Figure 3. Interleukin-1 (IL-1)α antibody blockade reduces ozone-induced lung inflammation. A single administration of IL-1α neutralizing antibody 12 h before ozone exposure in wild type mice reduced inflammatory parameters. Total cell (A), neutrophils (count and myeloperoxidase) (B), total proteins and lipocalin-2 (C), matrix metalloproteinase 9, and tissue inhibitor metalloproteinase 1, (D) and histology with epithelial damage and inflammatory score (E), associated with histological picture (F), scale bar = 100 µm, 24 h after ozone exposure. Representative data of two-independent experiments are shown. Results are expressed as mean ± SEM and are from one experiment, with n = 5–6. Statistical test: ordinary one-way ANOVA, with Bonferroni post test, p value: ****<0.0001, ***<0.001, **<0.01, *<0.05.

Ozone-Induced Lung Inflammation Is MyD88-Dependent in Type 1 Alveolar Epithelial Cells

We next asked whether MyD88 signaling is involved in the inflammation induced by acute ozone exposure. To answer this question, we exposed MyD88^−/− mice to ozone as before. Ozone-induced inflammation in MyD88^−/− mice which is attenuated with reduced total cells (Figure 4A), neutrophils, and MPO (Figure 4B) in BAL fluid, in comparison to WT mice at 24 h post-exposure. Moreover, total protein and LCN-2 (Figure 4C) and MMP-9 and TIMP-1 in BALF were reduced in MyD88^−/− mice in comparison with WT mice (Figure 4D), although the trend did not reach statistical difference for total protein in BAL. The histological investigations revealed that epithelial damage and inflammation were attenuated in MyD88^−/− mice (Figure 4E). Thus, absence of a functional MyD88 pathway largely prevented ozone-induced lung inflammation.

FIGURE 4

Figure 4. The myeloid differentiation factor-88 (MyD88) pathway in epithelial cell is involved in inflammation induced by ozone. Total cell number (A), neutrophil counts and myeloperoxidase (B), protein and lipocalin-2 (C), tissue remodeling parameters, matrix metalloproteinase 9, and tissue inhibitor metalloproteinase 1 (D), and histology, scale bar = 100 µm (E) are shown in wild type, MyD88^−/− and MyD88^acid mice, 24 h after ozone exposure. Representative data from two-independent experiments are given. Results are expressed as mean ± SEM and are from one experiment, with n = 5–6. Statistical test: ordinary one-way ANOVA, with Bonferroni post test, p value: ****<0.0001, ***<0.001, **<0.01, *<0.05.

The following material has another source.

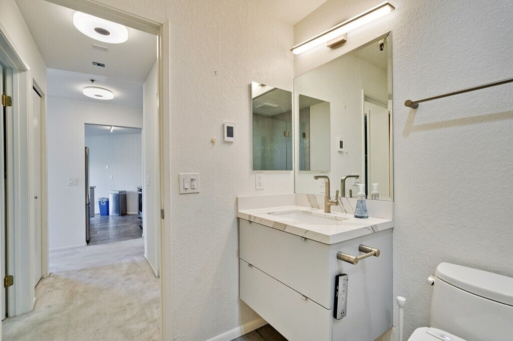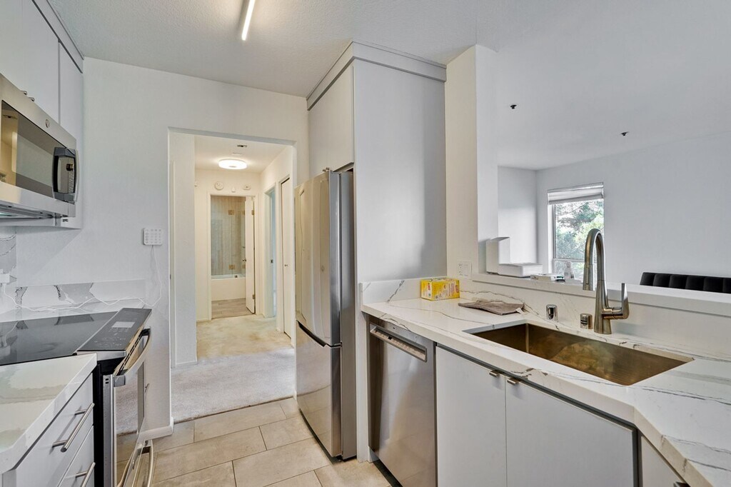 Opportunity to live in a rare Mid-Century Modern Condo building in Palo Alto. Remodeled 1 bedroom 1 bath 4th floor condominium. Contemporary design includes an open plan living room, dining room and kitchen with a seamless connection to the private balcony creating an intimate space for relaxing. Gorgeous kitchen with all stainless steel appliances The spacious bedroom offers a large double closet Beautifully remodeled bathroom features a heated floor, and a modern, large shower/soaking tub combination. A/c and heat Completing the unit is the added bonus of an in-unit washer and dryer. 1 designated parking spot in gated parking garage Rent includes water, sewer, garbage and recycling Tenant pays all other utilities This ideal location is just steps to top California Ave with shopping, restaurants, weekend farmers market, and CalTrain. Easy access to Stanford and major commute routes. Now Including Latchel Concierge Service! $30 monthly plus rent - 60-second maintenance phone response times - 24/7/365 assistance - Live video chat troubleshooting - Up to *$1,000 in reimbursements annually (protecting your security deposit!) - $50 towards Accidental Lockout reimbursements - Citizen Home Solutions to assist in connecting utilities, internet, TV, etc. upon move-in - Special Resident Deals on other services - and MORE! *All benefits are subject to change at any time. This condo is a must-see! Text/email Rosemary Handa to schedule a showing Apply online at

Since ozone disrupts the epithelial barrier with cell desquamation within 4 h after ozone exposure (28), we asked whether MyD88 signaling in epithelial cells is important for the injury response. We generated cell-specific MyD88-deficient mice for epithelial cells, MyD88^acid mice with inactivated MyD88 expression in type 1 lung epithelial cells (6). MyD88^acid mice exposed to ozone as above exhibited a reduced neutrophil recruitment, epithelial cell damage, protein leak, and tissue remodeling similar to complete MyD88^−/− mice (Figures 4A–E). Therefore, absence of MyD88 signaling in epithelial cells is sufficient to significantly reduce ozone-induced respiratory barrier injury and inflammation (Figure 4E).

To test directly the IL-1α signaling in epithelial cells during ozone induced inflammation, we injected by i.t. mouse recombinant IL-1α (rmIL-1α) (0.8 µg by i.t.) in WT, MyD88^−/−, and MyD88^acid mice. As expected rmIL-1α i.t. injection augmented the inflammatory response in WT mice, but less in MyD88^acid mice (Figures 5A–D). Furthermore, rmIL-1α elicited an increased of EPCAM⁺ epithelial cells recruitment in WT as compared to MyD88^acid-deficient mice (Figure 5E).

FIGURE 5

Figure 5. The myeloid differentiation factor-88 (MyD88) pathway in epithelial cell partially though interleukin-1α signaling is involved in inflammation and cell damage induced by ozone. Total cell number (A), neutrophil counts and myeloperoxidase (B), protein and lipocalin-2 (C), tissue remodeling parameters, matrix metalloproteinase 9, and tissue inhibitor metalloproteinase 1 (D), histological scoring, epithelial cells desquamation (E), and histology, scale bar = 100 µm (F) are shown in wild type, MyD88^−/− and MyD88^acid mice, 24 h after ozone exposure. Results are expressed as mean ± SEM and are from one experiment, with n = 5–6. Statistical test: ordinary one-way ANOVA, with Bonferroni post test, p value: ****<0.0001, ***<0.001, **<0.01, *<0.05.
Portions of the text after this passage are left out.